Two weeks went by, and we heard nothing about the little heart baby. I checked in with WACAP again and again, and finally, we heard that the family had decided NOT to proceed. Yippee! It was not our turn! I told WACAP we were ready to say yes, and then the disappointment came: there were two or three families wanting this little girl. They asked us if we wanted to wait for WACAP to have a meeting to decide which family would be best for her, but there would be no guarantee we’d be selected. (It’d all depend on who was further in the process, had access to medical resources, had more experience, etc.) We said that yes, we did want to wait for the meeting. The meeting wouldn’t happen for at least another week or two. We waited some more. And filled out more paperwork, of course. 😉
The next day, I received an email from WACAP’s Waiting Child Mailbox. We had been signed up for the email list after we applied and checked off what needs we’d be willing to consider.

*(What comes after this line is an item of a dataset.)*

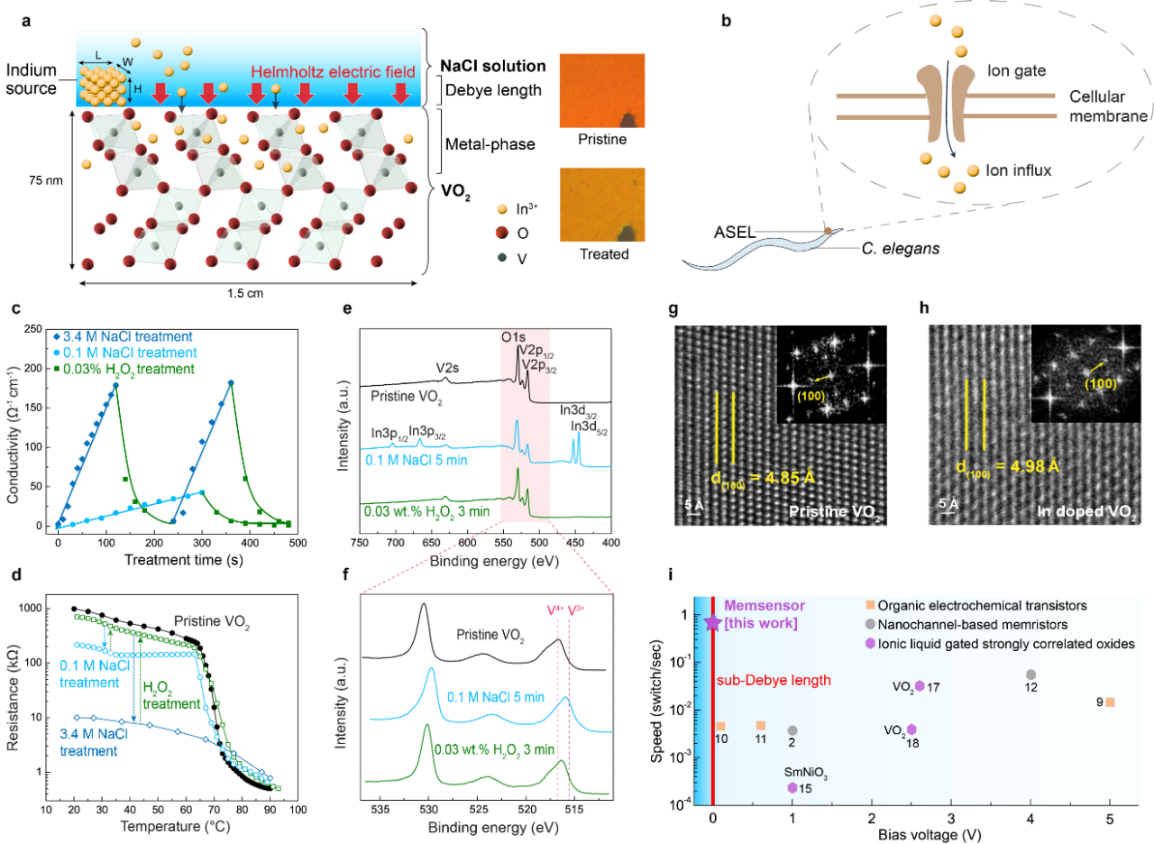 /集成电路高精尖创新中心唐克超研究员团队联合美国加州大学伯克利分校团队,开发出一种新型的无源忆感器(Memsensor)。该器件可通过材料表面的离子迁移速率感知液体中盐浓度,并将这种环境信息写入材料本身,实现无电源、可保持的“记忆”功能。忆感器由 VO2薄膜和紧贴其表面的铟(In)金属构成,利用固液界面的内建电场,在 Debye 长度范围内驱动 In³⁺注入 VO2表层,诱导 VO2发生由绝缘态向金属态的相变(图1)。器件的“感知”体现在电阻下降速率随盐浓度而变,“记忆”则源于掺杂引发的非易失相变,即使移除盐溶液后仍能保留电导状态。该研究不仅实现了感知与记忆功能的物理集成,还展示了其在仿生智能导航中的潜力。通过将多个忆感器加装于小船底部,团队实现了类似秀丽隐杆线虫(C. elegans)的基于“盐历史记忆”的化学导航行为,为水下机器人与环境智能交互提供了全新的低功耗解决方案(图2)。

I almost jumped out of my skin. It was HER. The little girl whose file I had reviewed! I couldn’t believe it. The family had returned her file, and now she was available. Mike came home a few minutes later, and I showed him her photo. He said, “I want her. Yes. Contact them now.” I sent an email immediately back to WACAP. I was the first one who responded, but within the day, two other families also came forward for her. Now, WACAP said they would have to have the same kind of meeting to determine the best family for her. They said they had never had this type of situation – one in which multiple families are all ready to say yes to the same child. They asked us to fill out paperwork for her, too.
There were lots more details, but basically, we went back and forth with WACAP on both girls for another week. They asked us to choose only one girl we wanted to be considered for, but there’d be no guarantee we’d be matched with either one. We asked if we could be considered for both. They said no, because they were too close in age and too many people wanted them.
We agonized and prayed and waited and prayed and agonized some more. We were torn. The heart baby’s meeting was scheduled to be before the limb difference baby’s meeting. But, then the meeting for the limb difference baby got moved up. We all decided to ask to be considered for Qiu Lu. We spent more time filling out paperwork, answering questions about why we’d make the best family for Qiu Lu, how we’d give her great medical care, etc. If you know me, you know I wrote some words. Well, a lot of words. 😉
We got the call on Friday afternoon. We had been chosen! Qiu Lu was ours!
Qiu Lu means Autumn Light. Our autumns have had so much darkness in them. I believe God interwove our story and hers, all along.
We are leaving to get her in 5 days!!!! Our Lana, our Lulu. Our Autumn Light.